The oration from Lincoln – ‘With Malice Toward None’ in an arrangement for cello and strings – is one of those aspirational tunes (seemingly effortless for Williams) that Americans live to embrace, and lower-key but no less resonant or meaningful in reach is the arrangement for cello and guitar (Pablo Sáinz-Villegas) of the ‘Prayer for Peace’ from Munich. Most intriguing of all, though, is Highwood’s Ghost (2018), which Williams wrote in memory of Leonard Bernstein in his centennial year and which invokes his indomitable spirit and that of the Tanglewood Music Festival with reference to yet another indomitable spirit – a ghost said to inhabit Highwood Manor House on the grounds of the festival, which Bernstein claimed personally to have encountered. This ‘confrontation’ is spookily realised through the dulcet tones of Lenny as reincarnated in the voice of Ma’s cello and a startling apparition of ear-popping virtuosity from solo harp (Jessica Zhou). More startling to my ears, though, is the fleeting allusion to Britten’s Peter Grimes, of which Bernstein conducted the American premiere there in 1946.

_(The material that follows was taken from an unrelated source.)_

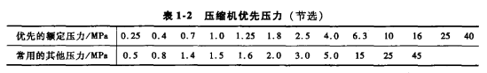 ①GB/T4974一2005《空壓機(jī)、鑿巖機(jī)械與氣動(dòng)工具優(yōu)先壓力》規(guī)定了壓縮機(jī)的優(yōu)先壓力,節(jié)選如表1-2所示,企業(yè)開(kāi)發(fā)和生產(chǎn)的產(chǎn)品應(yīng)按此標(biāo)準(zhǔn)來(lái)選取額定排氣壓力。
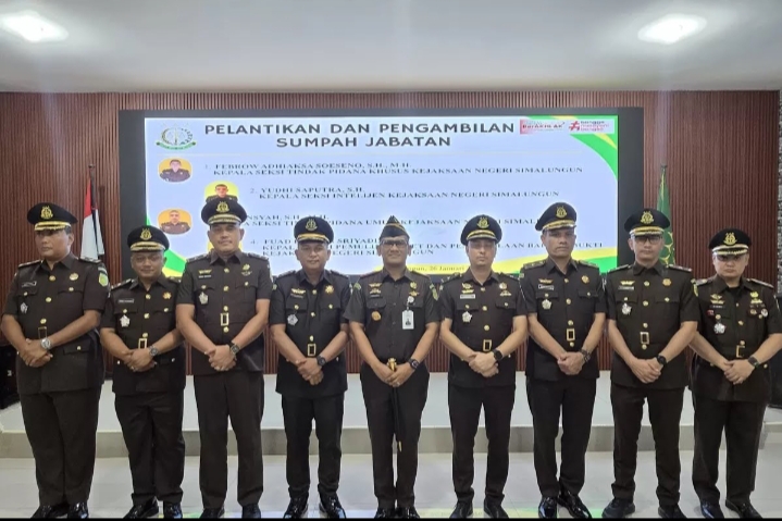 Pelantikan dan Pengambilan Sumpah Jabatan berlangsung di aula Kantor Kejari Simalungun dihadiri seluruh jaksa dan pegawai.

Another great example of how Williams’s points of reference reach far and wide and wider still. Edward Seckerson Spatial Audio comment: With his colossal experience writing film scores, it’s not surprising that John Williams’s concert music, and these two concertos in particular, should benefit from Spatial Audio sound. Sony Classical and DG take different approaches: Yo-Yo Ma’s cello is placed further back in the sound picture than Anne-Sophie Mutter’s violin, but both capture these two great American orchestras in a superb light. The Sony sound is slightly harder to find the ideal playback volume, but once that is achieved, there’s a lovely warmth to the New York strings. The Boston sound, traditionally a degree or two cooler, is superbly captured with an appealing bloom (particularly in the miniatures drawn from movie scores), and Mutter’s playing, technically faultless, is placed very impressively within the soundstage, raised slightly above the orchestra, as perhaps is only right in a concertante setting. There’s also some lovely playing from the woodwind (especially the flutes) which is ideally placed. Sony’s placement of the solo harp and cello in the Schindler’s List suite is elegantly handled. Two fine recordings that show that Spatial Audio can be used to different ends, both impressive in their own way.